For your info I was in electric pump business, and also I do have degree in electronics.

So I do know what I am talking about, but if anybody wants to carry unsafe electrical conversion risking trouble you are free to do it. It is your business, your ignorance and your safety not mine.


----------



## ShaneVBS (Aug 22, 2011)

I can tell you how there is no differance with 120 vs 220 except neutrel is hot for 220 and 220 draws less current. But he was asking about wiring for equipment not his house, i think he understands that much.
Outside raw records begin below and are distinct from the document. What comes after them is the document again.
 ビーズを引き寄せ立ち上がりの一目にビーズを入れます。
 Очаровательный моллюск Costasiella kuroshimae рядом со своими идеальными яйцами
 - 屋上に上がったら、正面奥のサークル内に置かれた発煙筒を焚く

As far as what your talking about pasco i think your over complicating it.

Ive been an electrican for 13 years, working on masters now, currenty have a masters in plumbing, gas fitter, and HVAC


----------



## pascopol (Apr 23, 2009)

No difference between 120 vs 220 ????

You may get a Nobel Price for such a statement.

"Wiring for equipment not his house".

So where is the power coming from, his household installation or directly from power pole?
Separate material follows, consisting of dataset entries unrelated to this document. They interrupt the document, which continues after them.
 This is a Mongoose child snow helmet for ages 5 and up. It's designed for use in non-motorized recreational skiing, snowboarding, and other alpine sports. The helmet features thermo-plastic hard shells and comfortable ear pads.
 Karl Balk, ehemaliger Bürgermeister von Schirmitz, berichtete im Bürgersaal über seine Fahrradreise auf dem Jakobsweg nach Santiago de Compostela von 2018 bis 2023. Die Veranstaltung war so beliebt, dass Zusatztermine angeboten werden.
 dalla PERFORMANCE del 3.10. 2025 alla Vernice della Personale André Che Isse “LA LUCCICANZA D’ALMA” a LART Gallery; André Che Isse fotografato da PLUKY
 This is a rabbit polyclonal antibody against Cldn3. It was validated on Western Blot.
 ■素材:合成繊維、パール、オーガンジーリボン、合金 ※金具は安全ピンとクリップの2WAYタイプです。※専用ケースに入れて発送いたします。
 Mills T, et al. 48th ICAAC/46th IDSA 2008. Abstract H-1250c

Again ever heard of Ohm's Law?

They teach it first quarter of any electric study course.

You are saying "Neutral is hot" for 220 ?

I'd surely would not want to live in a house wired by you.

LOL


----------



## brobers (Nov 14, 2009)

pascopol said:


> I am replying cause some of you guys have no clue how electricity works.


I went to school for Electronics Technology at Indiana State University and have a BS in OLS with a technical focus in Electronics Technology from Purdue. I do understand how electricity works. I did not understand how this circuit worked at the time I posted this question as I had not opened the unit up and studied it. You admittedly have no clue about the equipment in question and have completely missed the concept and that is changing the unit from a 220V system to a 110V system. This, as I understand it, is a relatively common practice to switch a unit from 220V to 110V or vice versa. I just wanted to make sure there wasn't something weird about the wiring when changing from one to the other that needed to be done. No one else had asked this question before and hence why I asked it now. Why you even bothered to reply and then to keep arguing when you clearly don't even understand the hardware in question or the actual problem is beyond me.

Oh and for the record I ate the Strawberries. I thought no one wanted them...


----------



## pascopol (Apr 23, 2009)

You have no clue how electricity works saying "There is no difference between 220 and 110 Volts.

You have no clue about Ohms Law which is the basic theory of electricity.

You have no clue saying " I can tell you how there is no differance with 120 vs 220 except neutrel is hot for 220"

Better stick to your pluming and pipe fitting, or if you do electrical installations get a good lawyer.


----------



## Barry (Dec 28, 1999)

:no: Time for this train to change tracks.


----------



## ShaneVBS (Aug 22, 2011)

WOW, sry let me rephrase, the only differance between 120 and 220 is that you have a neutrel and hot with 120 and 220 you have two hot, sometimes with a neutrel. Dont want to confuse you, just read my reply more closely and you will see what i mean.

But as you can see by what i meant by, wiring up controls and loads are the same for 120 vs 220. which is what this whole conversation is about


----------